Functional Characterization of Cryptococcal Genes: Then and Now

Site-directed mutagenesis enables researchers to switch a gene of interest off for functional characterization of the gene. In the pathogenic yeasts, Cryptococcus neoformans and sister species C. deneoformans, this is almost exclusively achieved by introducing DNA into cells through either biolistic transformation or electroporation. The targeted gene is then disrupted by homologous recombination (HR) between the gene and the transforming DNA. Both techniques have downsides; biolistic transformation equipment is very expensive, limiting the use thereof to well-resourced laboratories, and HR occurs at extremely low frequencies in electroporated cryptococcal cells, making this method unappealing for gene targeting when not making use of additional modifications or methods to enhance HR in these cells. One approach to increase the frequency of HR in electroporated cryptococcal cells have recently been described. In this approach, CRISPR-Cas9 technology is utilized to form a double strand break in the targeted gene where after the occurrence of HR seems to be higher.
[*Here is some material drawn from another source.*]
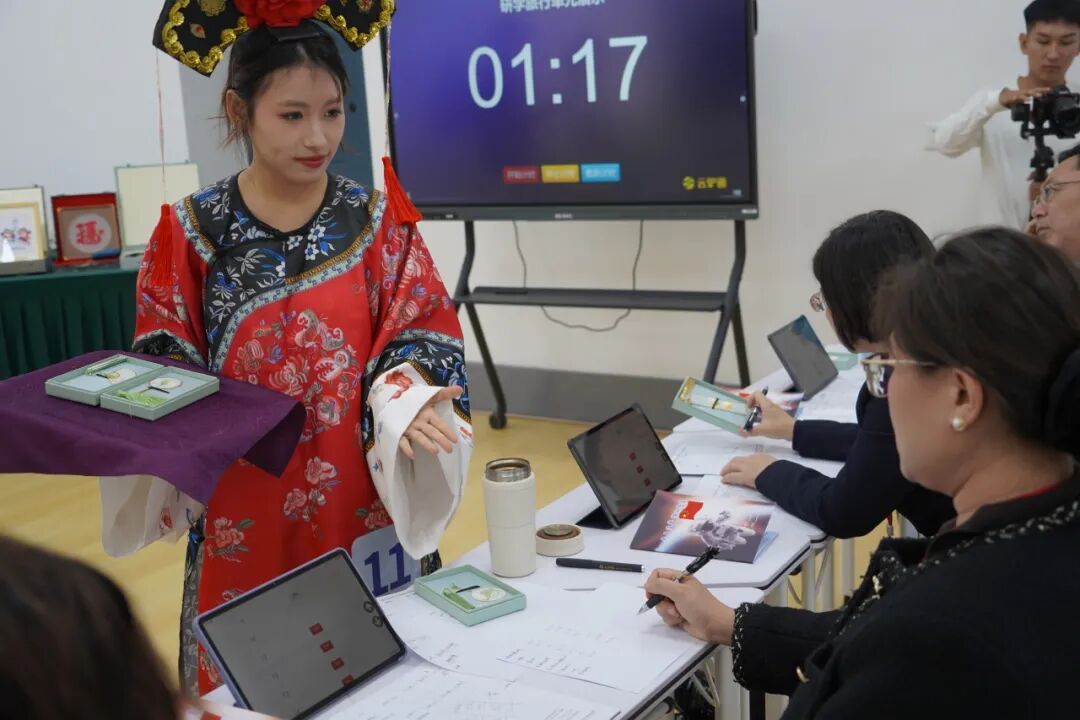 午后,模块三研学旅行单元模拟教学展示正式拉开帷幕,这也是本次东北赛区赛事的最后一个比拼环节。赛场被划分为多个独立展示区,每组选手需在有限时间内完成自选单元的中文模拟教学。职教组队伍围绕生活化研学主题,通过情景模拟、互动提问的方式,将相关领域知识生动呈现,展现出扎实的实践教学功底;本科组选手聚焦文化类研学方向,借助 PPT 与虚拟模型,清晰讲解课程设计逻辑与实施步骤,凸显出创新的教学设计思维;教师组选手则凭借丰富的教学经验,在课堂节奏把控、学生引导技巧上展现出高超水准,赢得评委频频点头认可。评委们围绕课程目标清晰度、教学方法创新性、语言表达流畅度等维度细致评分,不时就课程实施细节与选手深入交流,现场既充满竞技的紧张感,又洋溢着教学经验交流的浓厚氛围。截至 16 时 30 分,所有队伍的模块三展示全部完成,标志着本次东北赛区的竞赛环节正式收官。

The less expensive electroporation technique can therefore be used to deliver the CRISPR-Cas9 components into cells to disrupt a gene of interest, but only if the CRISPR components can be maintained for long enough in cells to enable their expression. Maintenance of episomal DNA occurs readily in C. deneoformans, but only under certain conditions in C. neoformans. In addition, CRISPR-Cas9 allows for gene complementation in order to fulfill Falkow’s molecular Koch’s postulates and adds other novel methods for studying genes as well, such as the addition of a fluorophore to an inactive Cas9 enzyme to highlight the location of a gene in a chromosome. These developments add less expensive alternatives to current methods, which could lead to more research on this yeast in developing countries where cryptococcal infections are more prevalent and researchers have access to more clinical isolates.